What is needed
Only the text belongs in the answer: every line of the records below, transcribed exactly.

== Given records

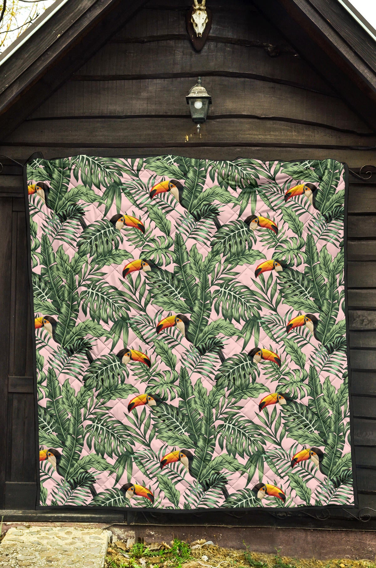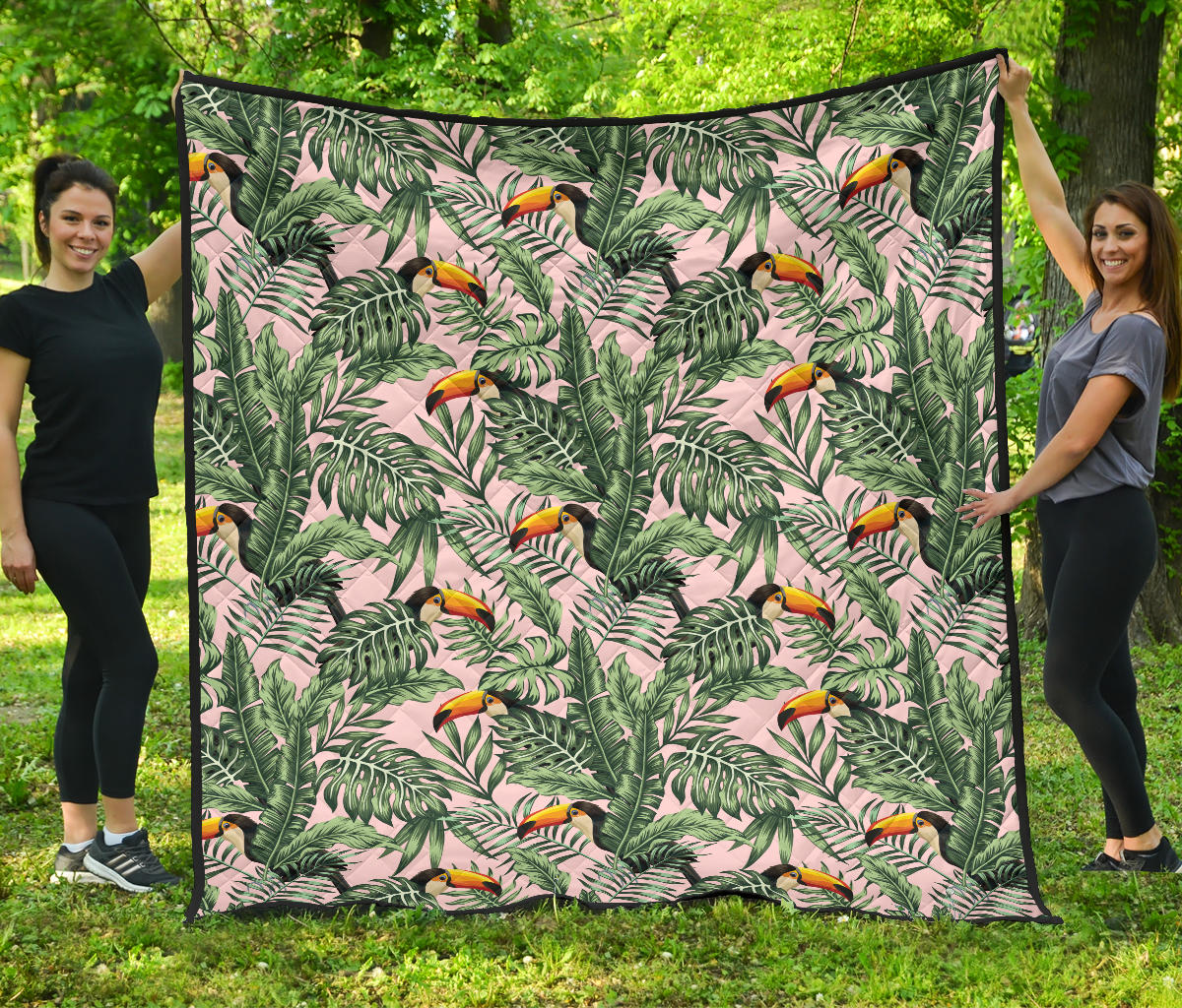 Toucan Tropical Green Jungle Palm Pattern Premium Quilt is a uniqued design and limited item. It made to order, hand printed, and sewn with love in our factory.
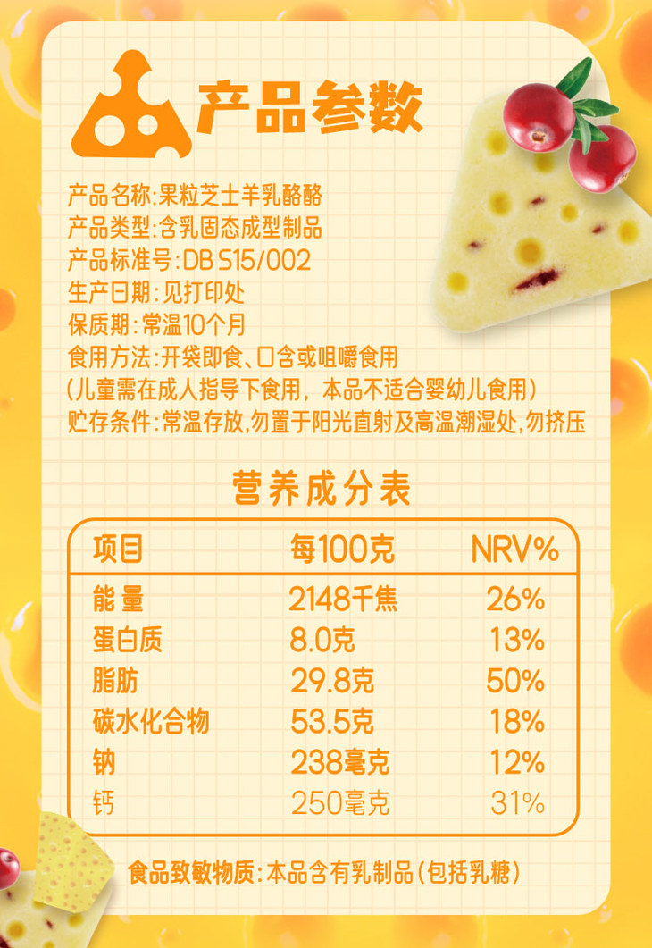【配料表】全脂乳粉、含乳食品基料粉(生牛乳、葡萄糖浆、植物油、全脂乳粉)、低聚异麦芽糖、海藻糖、奶油、纯牛奶、蔓越莓果粒、全脂羊乳粉、干酪粉
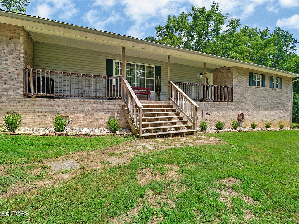 Beautiful 3 bedroom 2 bath brick home with 3+ acres and a full basement is located in Clarkrange West,large living area, spacious kitchen with lots of cabinets, large master suite, attached garage, covered back porch and fenced in area perfect for pets, this is a great home located in a beautiful neighborhood!!! Buyer to verify all information and measurements in order to make an informed offer
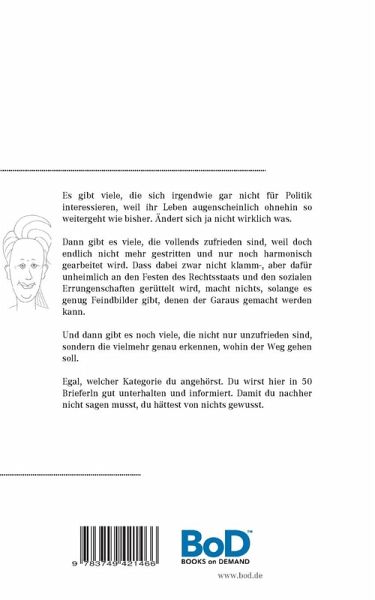 Es gibt viele, die sich irgendwie gar nicht für Politik interessieren, weil ihr Leben augenscheinlich ohnehin so weitergeht wie bisher. Ändert sich ja nicht wirklich was. Dann gibt es viele, die vollends zufrieden sind, weil doch endlich nicht mehr gestritten und nur noch harmonisch gearbeitet wird. Dass dabei zwar nicht klamm-, aber dafür unheimlich an den Festen des Rechtsstaats und den sozialen Errungenschaften gerüttelt wird, macht nichts, solange es genug Feindbilder gibt, denen der Garaus gemacht werden kann.Und dann gibt es noch viele, die nicht nur unzufrieden sind, sondern die vielmehr genau erkennen, wohin der Weg gehen soll.Egal, welcher Kategorie du angehörst. Du wirst hier in 50 Brieferln gut unterhalten und informiert. Damit du nachher nicht sagen musst, du hättest von nichts gewusst.
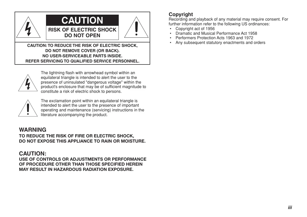 CAUTION: TO REDUCE THE RISK OF ELECTRIC SHOCK, DO NOT REMOVE COVER (OR BACK). NO USER-SERVICEABLE PARTS INSIDE. REFER SERVICING TO QUALIFIED SERVICE PERSONNEL. The lightning flash with arrowhead symbol within an equilateral triangle is intended to alert the user to the presence of uninsulated "dangerous voltage" within the products enclosure that may be of suficient magnitude to constitute a risk of electric shock to persons. The exclamation point within an equilateral triangle is intended to alert the user to the presence of important operating and maintenance (servicing) instructions in the literature accompanying the product. WARNING TO REDUCE THE RISK OF FIRE OR ELECTRIC SHOCK, DO NOT EXPOSE THIS APPLIANCE TO RAIN OR MOISTURE. CAUTION: USE OF CONTROLS OR ADJUSTMENTS OR PERFORMANCE OF PROCEDURE OTHER THAN THOSE SPECIFIED HEREIN MAY RESULT IN HAZARDOUS RADIATION EXPOSURE. Copyright Recording and playback of any material may require consent. For further information refer to the following US ordinances: Copyright act of 1956 Dramatic and Musical Performance Act 1958 Performers Protection Acts 1963 and 1972 Any subsequent statutory enactments and orders iii
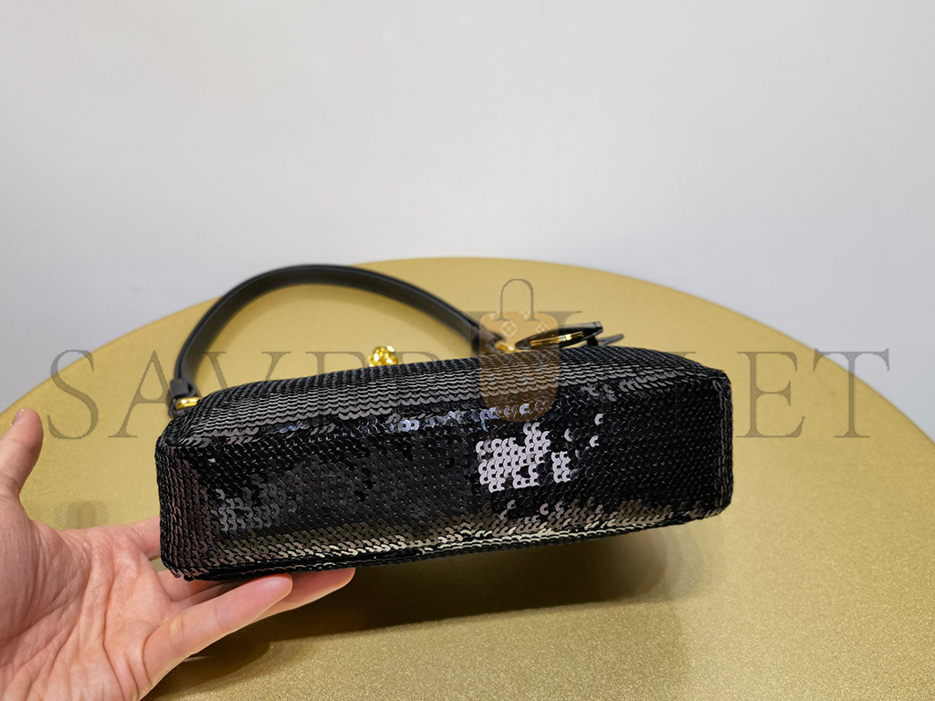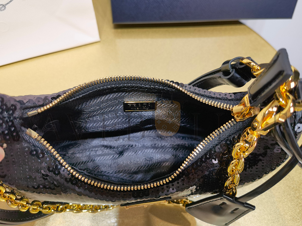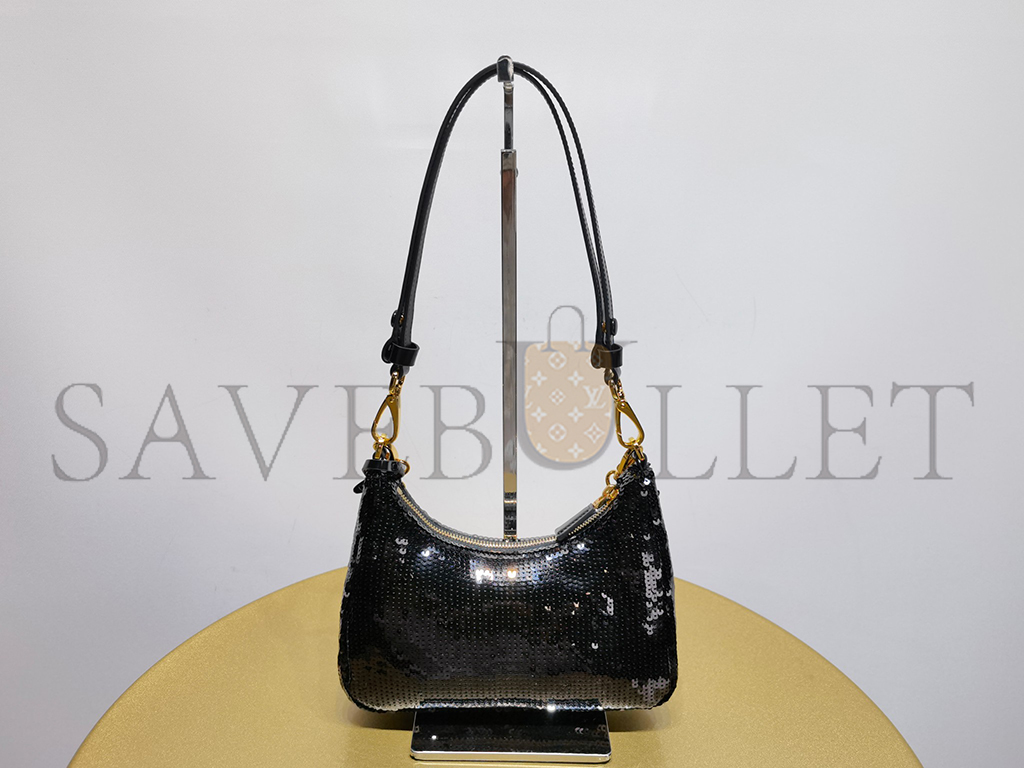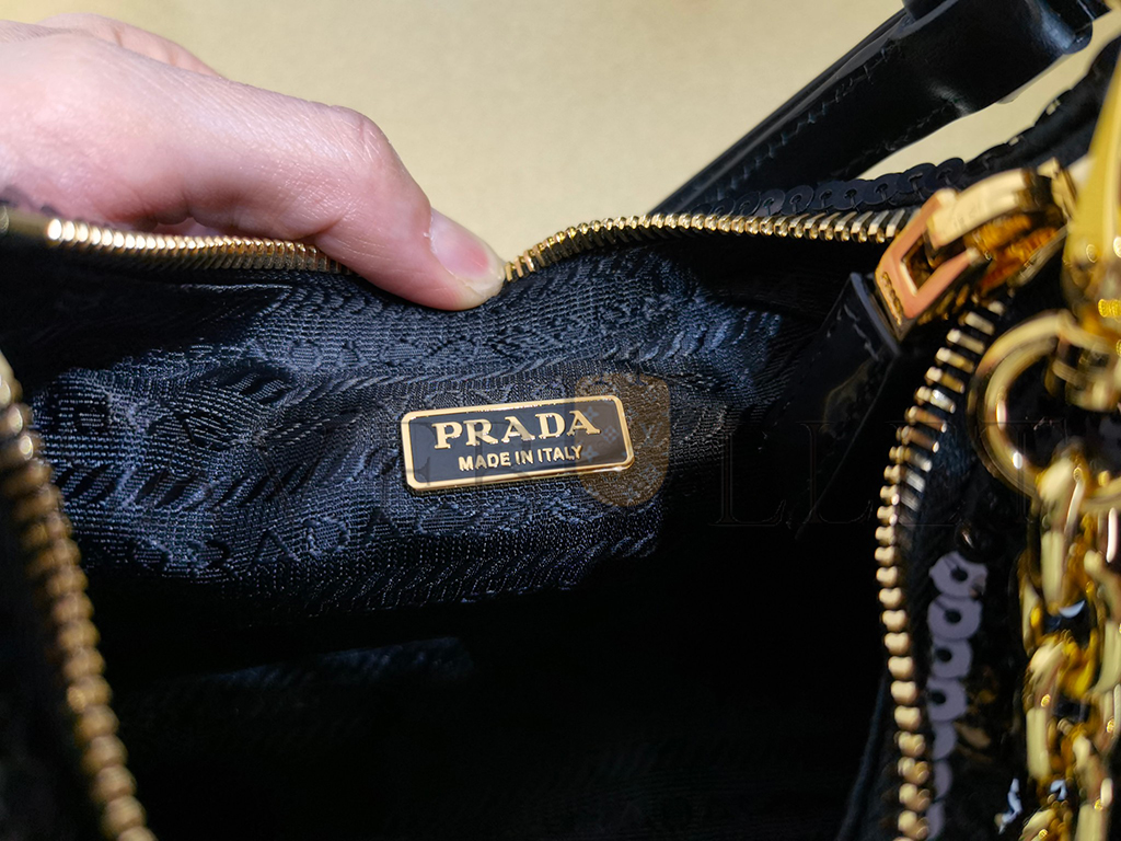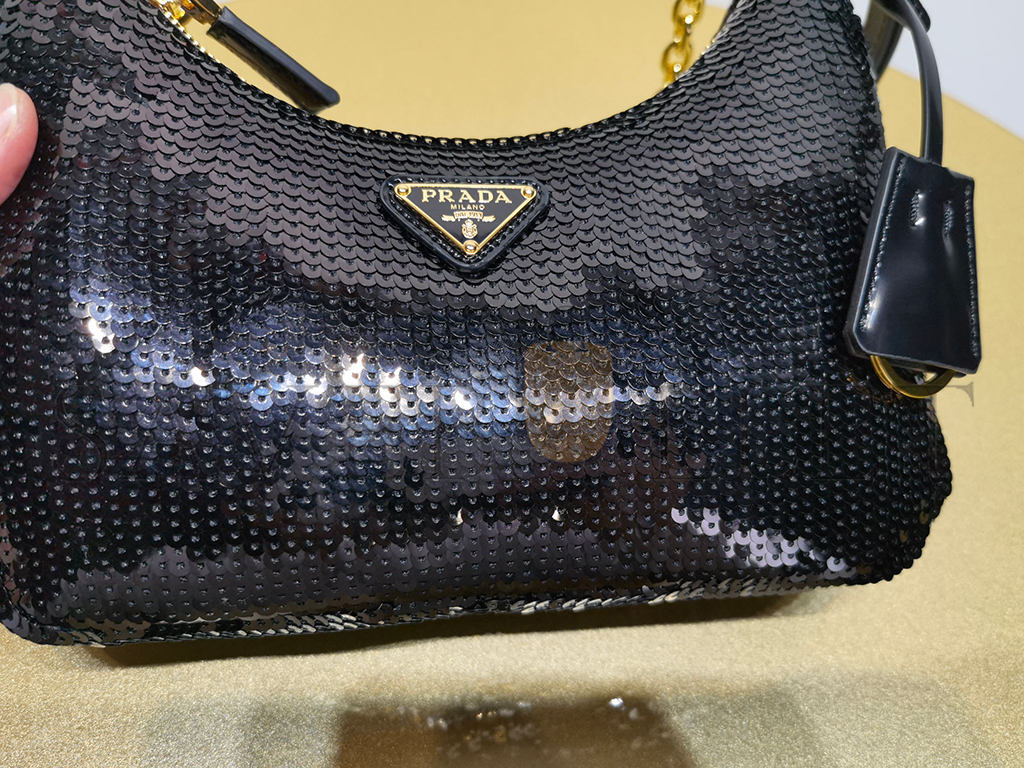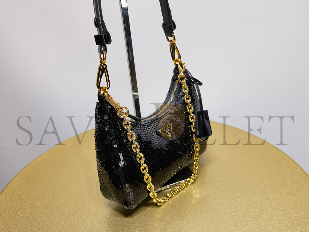 PRADA LEATHER HANDBAG SHOULDER BAG WOMEN'S BLACK 1BC204 (22*18*6cm)

====

Result of the exercise
 Toucan Tropical Green Jungle Palm Pattern Premium Quilt is a uniqued design and limited item. It made to order, hand printed, and sewn with love in our factory.
【配料表】全脂乳粉、含乳食品基料粉(生牛乳、葡萄糖浆、植物油、全脂乳粉)、低聚异麦芽糖、海藻糖、奶油、纯牛奶、蔓越莓果粒、全脂羊乳粉、干酪粉
 Beautiful 3 bedroom 2 bath brick home with 3+ acres and a full basement is located in Clarkrange West,large living area, spacious kitchen with lots of cabinets, large master suite, attached garage, covered back porch and fenced in area perfect for pets, this is a great home located in a beautiful neighborhood!!! Buyer to verify all information and measurements in order to make an informed offer
 Es gibt viele, die sich irgendwie gar nicht für Politik interessieren, weil ihr Leben augenscheinlich ohnehin so weitergeht wie bisher. Ändert sich ja nicht wirklich was. Dann gibt es viele, die vollends zufrieden sind, weil doch endlich nicht mehr gestritten und nur noch harmonisch gearbeitet wird. Dass dabei zwar nicht klamm-, aber dafür unheimlich an den Festen des Rechtsstaats und den sozialen Errungenschaften gerüttelt wird, macht nichts, solange es genug Feindbilder gibt, denen der Garaus gemacht werden kann.Und dann gibt es noch viele, die nicht nur unzufrieden sind, sondern die vielmehr genau erkennen, wohin der Weg gehen soll.Egal, welcher Kategorie du angehörst. Du wirst hier in 50 Brieferln gut unterhalten und informiert. Damit du nachher nicht sagen musst, du hättest von nichts gewusst.
 CAUTION: TO REDUCE THE RISK OF ELECTRIC SHOCK, DO NOT REMOVE COVER (OR BACK). NO USER-SERVICEABLE PARTS INSIDE. REFER SERVICING TO QUALIFIED SERVICE PERSONNEL. The lightning flash with arrowhead symbol within an equilateral triangle is intended to alert the user to the presence of uninsulated "dangerous voltage" within the products enclosure that may be of suficient magnitude to constitute a risk of electric shock to persons. The exclamation point within an equilateral triangle is intended to alert the user to the presence of important operating and maintenance (servicing) instructions in the literature accompanying the product. WARNING TO REDUCE THE RISK OF FIRE OR ELECTRIC SHOCK, DO NOT EXPOSE THIS APPLIANCE TO RAIN OR MOISTURE. CAUTION: USE OF CONTROLS OR ADJUSTMENTS OR PERFORMANCE OF PROCEDURE OTHER THAN THOSE SPECIFIED HEREIN MAY RESULT IN HAZARDOUS RADIATION EXPOSURE. Copyright Recording and playback of any material may require consent. For further information refer to the following US ordinances: Copyright act of 1956 Dramatic and Musical Performance Act 1958 Performers Protection Acts 1963 and 1972 Any subsequent statutory enactments and orders iii
 PRADA LEATHER HANDBAG SHOULDER BAG WOMEN'S BLACK 1BC204 (22*18*6cm)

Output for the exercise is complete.